Credit Crunchers

How do you define optimism?
A banker who irons five shirts on a Sunday.

What’s the difference between an investment banker and a large pizza?
The pizza can still feed a family of four.

Why have estate agents stopped looking out of the window in the morning?
Because otherwise they’d have nothing to do in the afternoon.

Q: What’s the difference between a merchant bank and Katie Price?
A: Both are institutions whose reputation is built on assets that, on closer inspection, turn out to be entirely artificial, vastly over-inflated and in danger of going through the floor at any moment.

What do you call five hedge fund managers at the bottom of the ocean?
A good start.

What’s the difference between an investment banker and a pigeon?
The pigeon is still capable of leaving a deposit on a new Ferrari.

The credit crunch has helped me get back on my feet.
The car’s been repossessed.

What do you say to a hedge fund manager who can’t sell anything?
A Quarter-pounder with fries, please.

Overheard in a City bar: “This credit crunch is worse than a divorce. I’ve lost half my net worth and I still have a wife.”

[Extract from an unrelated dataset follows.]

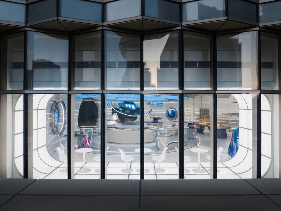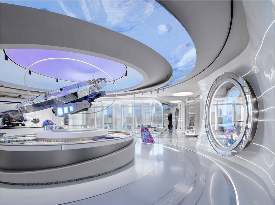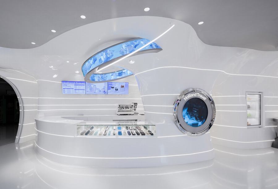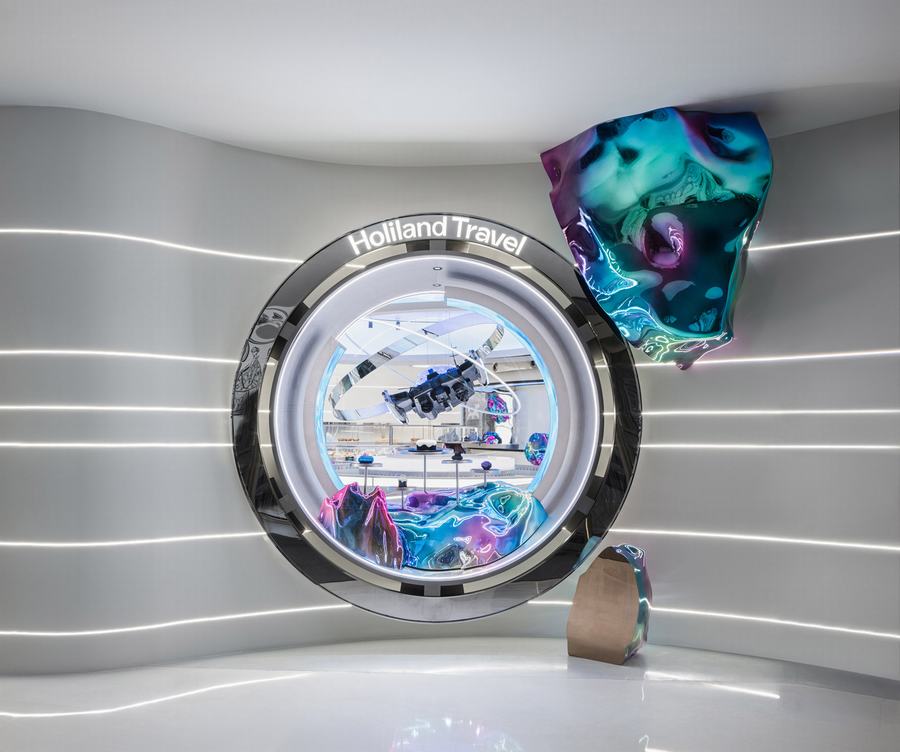 坐在返航舱内,飞机停靠在超空间的秘密领域,弯曲的镜面反射环境让乘客看到三维空间之外的另一个扭曲时空中的另一个自归。从返回舱入口观察点到返回舱的一系列体验场景,构成了模态数字空间与真实场景空间的融合,实现了跨媒体表达。用户的停留、拍照等构成了叠加而复杂的购物情境,为荷里兰宇宙观的具体化传播提供了更多的可能性。旅行者在秘密领域留下足迹,从虫洞返回地球,期待着下一次旅程的相遇。
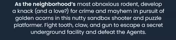Squirrel, meet gun. As the neighborhood’s most obnoxious rodent, develop a knack (and a love?) for crime and mayhem in pursuit of golden acorns in this nutty sandbox shooter and puzzle platformer. Fight tooth, claw, and gun to escape a secret underground facility and defeat the Agents.

The bank returned a cheque to me this morning, stamped: “insufficient funds.”
Do they mean me or them?

Alliance & Leicester employees are concerned they were given no notice of the takeover by Santander Bank.
A Government spokesman said: “No one expects the Spanish Acquisition.”

You know it’s a credit crunch when:

• The cashpoint asks if you can spare any change.
• There’s a ‘buy one, get one free’ offer – on banks.
• The Inland Revenue is offering a 25 per cent discount for cash-payers.
• Gordon Brown has stopped chewing his nails and started sucking his thumb.
• Your builder asks to be paid in Zimbabwean dollars rather than sterling.
• Highgrove has been repossessed.
• Victoria Beckham is pictured shopping in Primark.
• Alistair Darling’s eyebrows have turned white.

I talked to my bank manager the other day and he said he was going to concentrate on the big issues from now on. He sold me a copy outside Boots yesterday.

What’s the capital of Iceland?
About £3.50.

A man went to his bank manager and said: “I’d like to start a small business. How do I go about it?”

“Simple,” said the bank manager. “Buy a big one and wait 6 months.”

Money talks. Trouble is, mine knows only one word: “Goodbye.”

A director decided to award a prize of £50 for the best idea of saving the company money during the credit crunch.
It was won by a young executive who suggested reducing the prize money to £10.